Aim of the task:
Within the listing below, the lines to output run from the one containing "-Voltaje: 220-240V~50/60Hz -Potencia" through the one containing "실사 2026 봄 새로운"; copy them exactly and nothing else.

Dataset records:
- Opening Delimiter -

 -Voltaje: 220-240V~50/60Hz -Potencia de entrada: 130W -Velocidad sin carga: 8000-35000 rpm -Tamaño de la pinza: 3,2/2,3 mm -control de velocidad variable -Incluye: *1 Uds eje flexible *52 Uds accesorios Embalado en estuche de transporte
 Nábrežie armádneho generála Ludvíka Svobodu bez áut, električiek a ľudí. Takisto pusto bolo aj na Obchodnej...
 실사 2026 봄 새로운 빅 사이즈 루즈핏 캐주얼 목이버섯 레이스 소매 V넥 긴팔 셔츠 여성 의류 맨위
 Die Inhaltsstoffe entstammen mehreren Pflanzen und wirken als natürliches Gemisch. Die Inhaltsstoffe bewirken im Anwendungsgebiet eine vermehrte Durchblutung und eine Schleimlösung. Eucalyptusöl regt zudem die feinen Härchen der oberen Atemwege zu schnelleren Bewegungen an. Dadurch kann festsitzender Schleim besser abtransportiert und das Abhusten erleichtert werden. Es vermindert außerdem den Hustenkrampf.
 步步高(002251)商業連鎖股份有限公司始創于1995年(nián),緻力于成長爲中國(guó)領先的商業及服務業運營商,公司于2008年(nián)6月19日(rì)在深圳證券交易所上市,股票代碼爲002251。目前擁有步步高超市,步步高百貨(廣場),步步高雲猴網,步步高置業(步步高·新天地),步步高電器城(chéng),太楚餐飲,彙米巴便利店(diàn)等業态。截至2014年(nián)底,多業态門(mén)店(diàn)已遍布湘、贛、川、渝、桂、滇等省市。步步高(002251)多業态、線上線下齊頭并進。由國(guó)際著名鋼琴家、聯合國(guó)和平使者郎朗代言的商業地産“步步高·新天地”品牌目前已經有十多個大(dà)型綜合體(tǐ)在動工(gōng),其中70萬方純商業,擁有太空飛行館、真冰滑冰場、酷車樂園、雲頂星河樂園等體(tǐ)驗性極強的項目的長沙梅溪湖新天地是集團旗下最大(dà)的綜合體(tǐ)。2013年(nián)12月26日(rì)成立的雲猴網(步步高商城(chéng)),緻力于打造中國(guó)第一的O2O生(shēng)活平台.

- Closing Delimiter -
- Opening Delimiter -

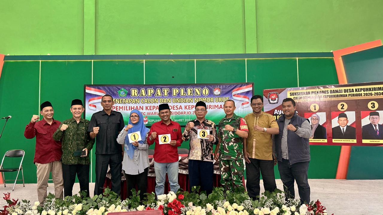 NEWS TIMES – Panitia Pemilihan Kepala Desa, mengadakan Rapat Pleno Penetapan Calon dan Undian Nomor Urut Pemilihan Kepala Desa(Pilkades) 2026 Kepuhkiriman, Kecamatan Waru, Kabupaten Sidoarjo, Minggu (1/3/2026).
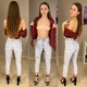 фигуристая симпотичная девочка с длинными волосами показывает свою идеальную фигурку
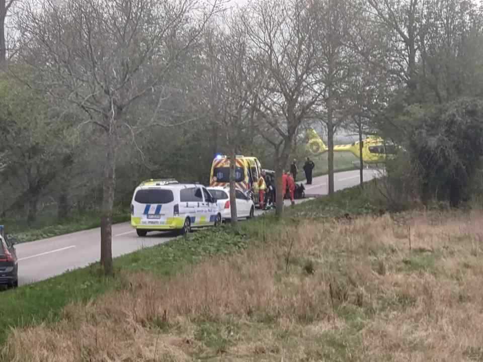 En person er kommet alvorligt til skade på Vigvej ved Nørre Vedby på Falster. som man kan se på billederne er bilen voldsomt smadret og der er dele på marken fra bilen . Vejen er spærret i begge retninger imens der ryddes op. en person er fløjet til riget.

- Closing Delimiter -
- Opening Delimiter -

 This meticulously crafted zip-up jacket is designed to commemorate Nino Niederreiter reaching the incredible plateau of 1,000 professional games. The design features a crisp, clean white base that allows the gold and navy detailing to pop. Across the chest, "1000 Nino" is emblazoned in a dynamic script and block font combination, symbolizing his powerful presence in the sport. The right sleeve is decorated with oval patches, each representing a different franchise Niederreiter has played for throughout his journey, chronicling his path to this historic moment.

- Closing Delimiter -

Answer to this task:
 -Voltaje: 220-240V~50/60Hz -Potencia de entrada: 130W -Velocidad sin carga: 8000-35000 rpm -Tamaño de la pinza: 3,2/2,3 mm -control de velocidad variable -Incluye: *1 Uds eje flexible *52 Uds accesorios Embalado en estuche de transporte
 Nábrežie armádneho generála Ludvíka Svobodu bez áut, električiek a ľudí. Takisto pusto bolo aj na Obchodnej...
 실사 2026 봄 새로운 빅 사이즈 루즈핏 캐주얼 목이버섯 레이스 소매 V넥 긴팔 셔츠 여성 의류 맨위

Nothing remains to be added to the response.